Re: [PATCH] sched/rt: Avoid sending an IPI to a CPU already doing a push

From: Steven Rostedt
Date: Fri Jul 08 2016 - 11:12:28 EST


On Fri, 8 Jul 2016 16:51:53 +0200
Peter Zijlstra <peterz@xxxxxxxxxxxxx> wrote:

> On Fri, Jun 24, 2016 at 11:26:13AM -0400, Steven Rostedt wrote:
> > The IPI code now needs to call push_tasks() instead of just push_task() as
> > it will not be receiving an IPI for each CPU that is requesting a PULL.
>
> My brain just skidded on that, can you try again with a few more words?
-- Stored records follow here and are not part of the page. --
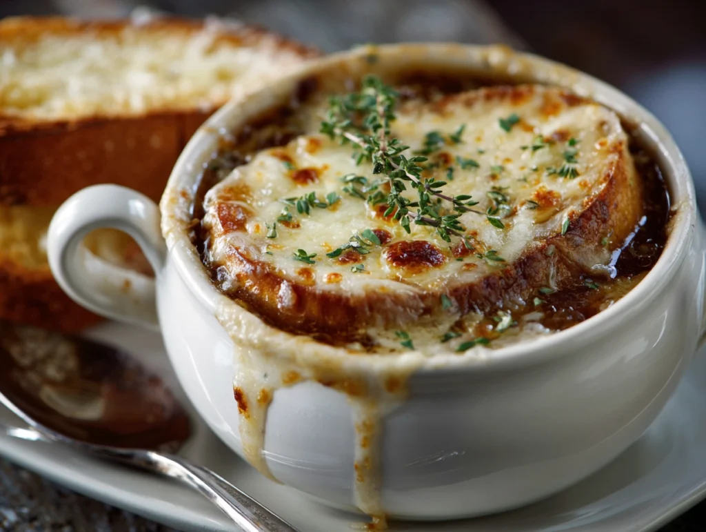 Why it’s healthy: Caramelized onions are antioxidant-rich and naturally sweet, reducing the need for excess sugar. The broth provides minerals, while the bread and cheese topping add indulgence without overloading.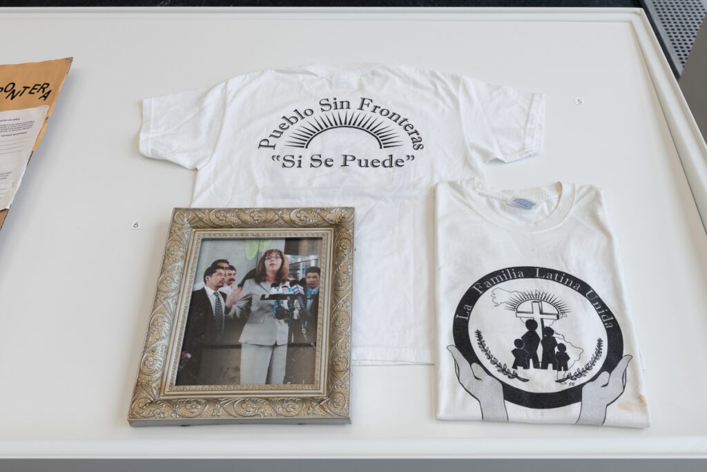 Centro Sin Fronteras presenta objetos seleccionados de sus archivos y una historia de su trabajo dentro de la exhibición de Andrea Bowers, que se extiende desde el 20 de noviembre del 2021 hasta el 27 de marzo del 2022 en el Museo de Arte Contemporáneo de Chicago.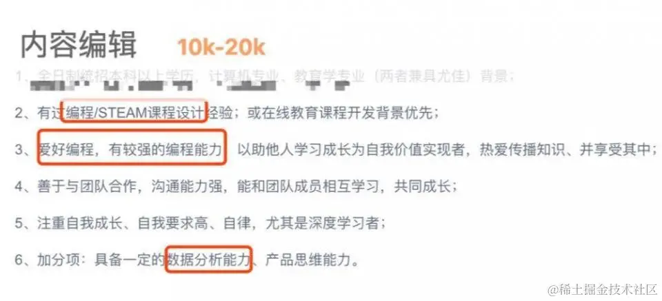 回到开头的那位大四学生,她专业课成绩不错,拿过几次奖学金,她认为凭借自己的努力的,肯定能找到一份心仪的工作。然而最近在准备秋招简历时,她才发现:“原来自己好差劲,大学四年没有拿的出手的简历内容,更没有和HR谈薪资的底气。“因为她看到很多公司秋招信息后,惊讶的发现,很多大厂岗位,尽管跟程序员的职位无关,仍旧在招聘JD里都写上了:熟悉python编程, 这样的条件。这个要求更是让她觉得自己一无是处了。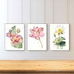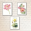 Suluboya Lotus Çiçeği 3'lü Japon Çiçek Çerçevesiz Poster 50 X 70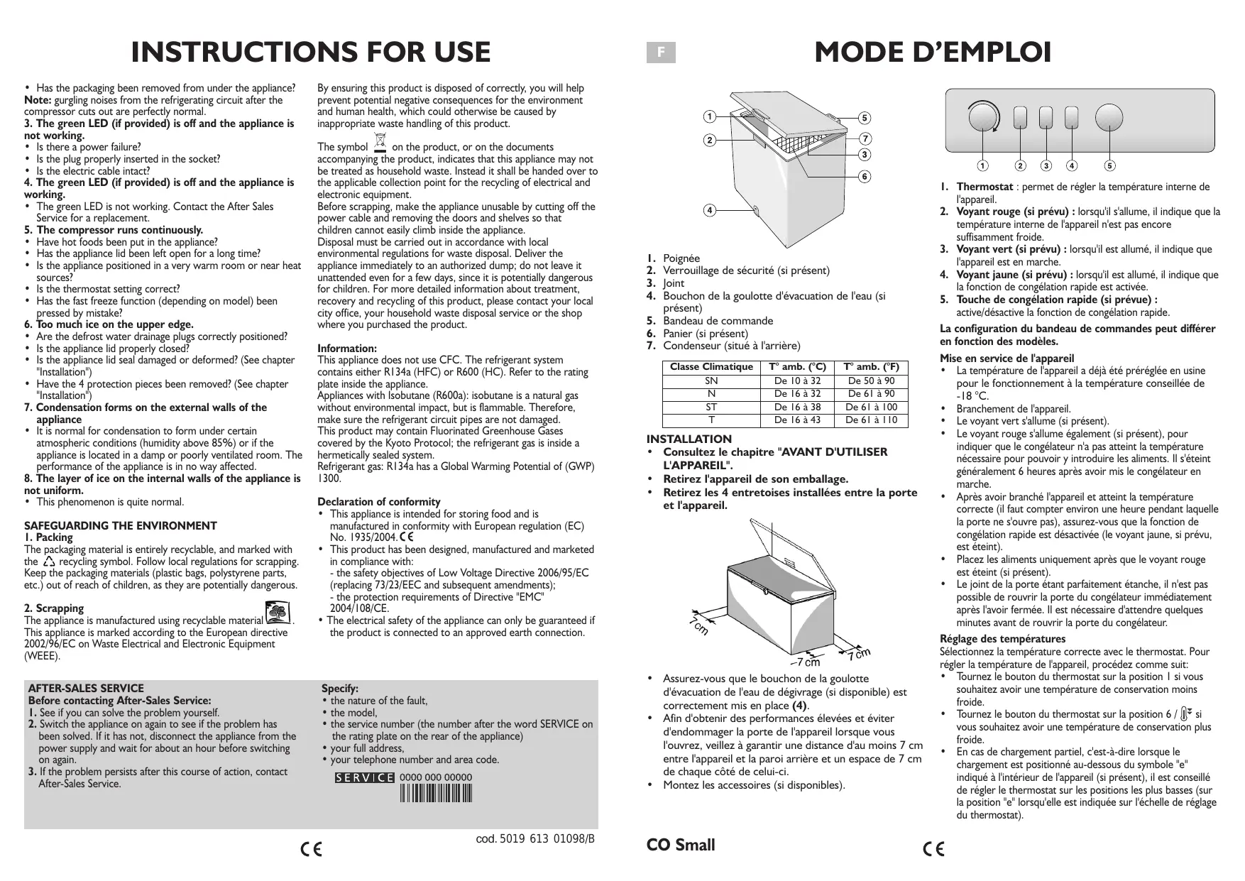 MODE D’EMPLOI AVANT D'UTILISER L'APPAREIL L'appareil que vous venez d'acheter est réservé exclusivement à des fins domestiques et sert à conserver les aliments surgelés, à congeler des aliments frais et à fabriquer des glaçons.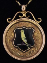 Delightful little circular pendant in 9 ct. gold with a Birmingham hallmark for the year 1925. The raised rim of the pendant encloses an etched design which frames the shield-shaped focal point of a perching…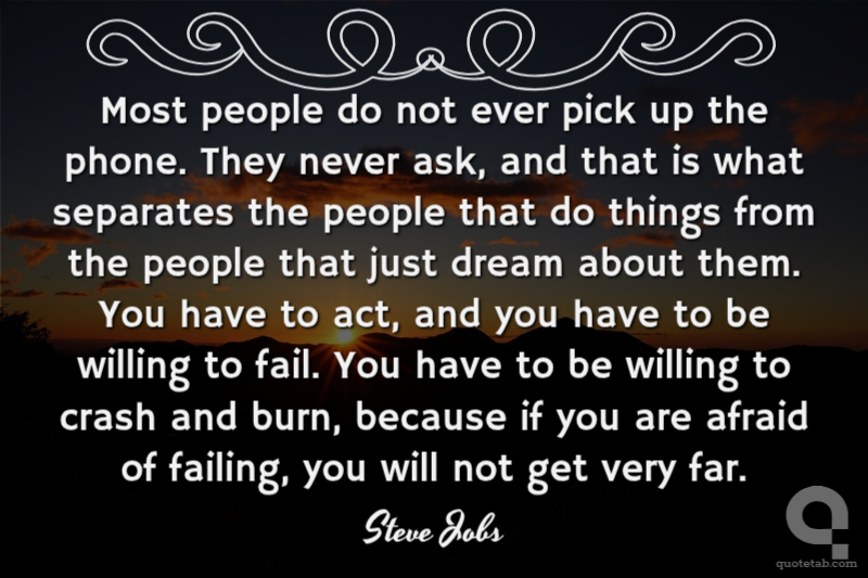 Most people do not ever pick up the phone. They never ask, and that is what separates the people that do things from the people that just dream about them. You have to act, and you have to be willing to fail. You have to be willing to crash and burn, because if you are afraid of failing, you will not get very far.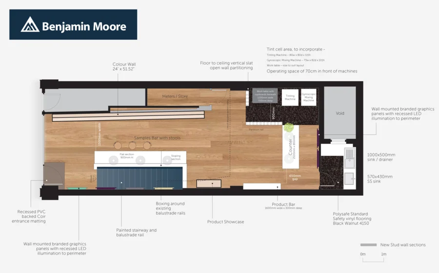 We wanted the space to feel more like a studio as opposed to a shop. A major part of creating that environment was the samples bar we installed down the centre of the showroom. This prompted people to sit down to discuss and share ideas with team members. The main retail display runs along the left hand side of the showroom. Whilst it’s a natural focal point for the store, we were keen to encourage people towards other areas of the store. To do this we used large scale LED back illuminated graphics carefully positioned along the right hand wall, leading people through the space.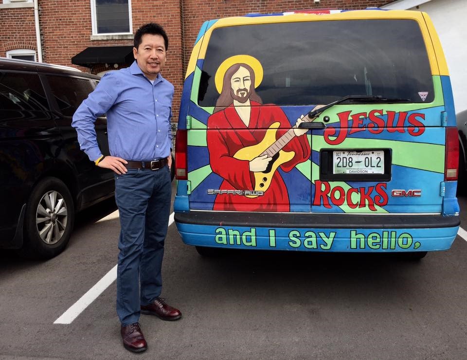 Friend Michael Han graciously let me share this picture of himself and a van outside The Village Chapel in Nashville —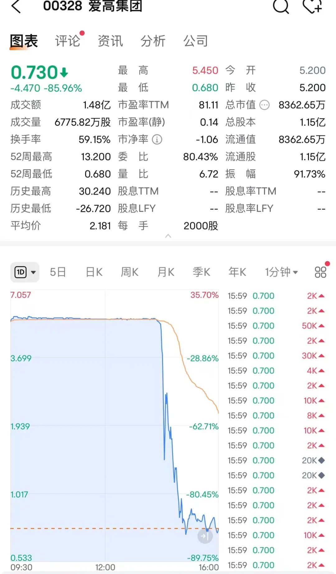 爱高集团闪崩超85%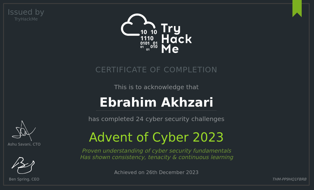 چالش نهایی سال 2023 سایت tryhackme که چند بار راجع بهش تو کانال صحبت کردم، تمام شد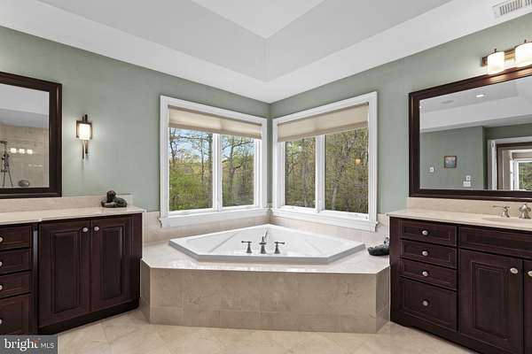 - 2 nd Kitchen, Additional Stairway, Attic, Bar, Bay Front Primary Bedroom, Breakfast Area, Built-Ins, Butlers Pantry, Carpet, Ceiling Fan(s), Chair Railings, Crown Moldings, Dining Area, Eat-In Kitchen, Entry Level Bedroom, Family Room Off Kitchen, Formal/Separate Dining Room, Gourmet Kitchen, Jetted Tub Bathroom, Primary Bath(s), Skylight(s), Soaking Tub Bathroom, Sound System, Walk-In Closet(s), Walk-In Shower Bathroom, Wet/Dry Bar, Whirl Pool/Hot Tub, Wine Storage, Wood Floors

Sure. One of those cases where I lose track of knowing what I know, and
don't describe enough.

The original logic expected each pull request to have its own IPI sent
out. Thus, a CPU would only do a single push, knowing that only one CPU
opened up (lowered its priority). Although, it still sends another IPI
out to the next CPU regardless of a push if a higher task is waiting.
This may be solved with a cpupri of next highest waiters. But that's a
bit complex for now.

Anyway, the old code would have multiple CPUs sending IPIs out to CPUs.
One for each CPU that lowers its prio. The new code checks if a CPU is
already processing an IPI (via the ipi counter) and will skip sending
to that CPU. That means that if two CPUs lower its priority, and only
one CPU has multiple RT tasks waiting, it needs to do multiple
push_task() calls (which push_tasks() does).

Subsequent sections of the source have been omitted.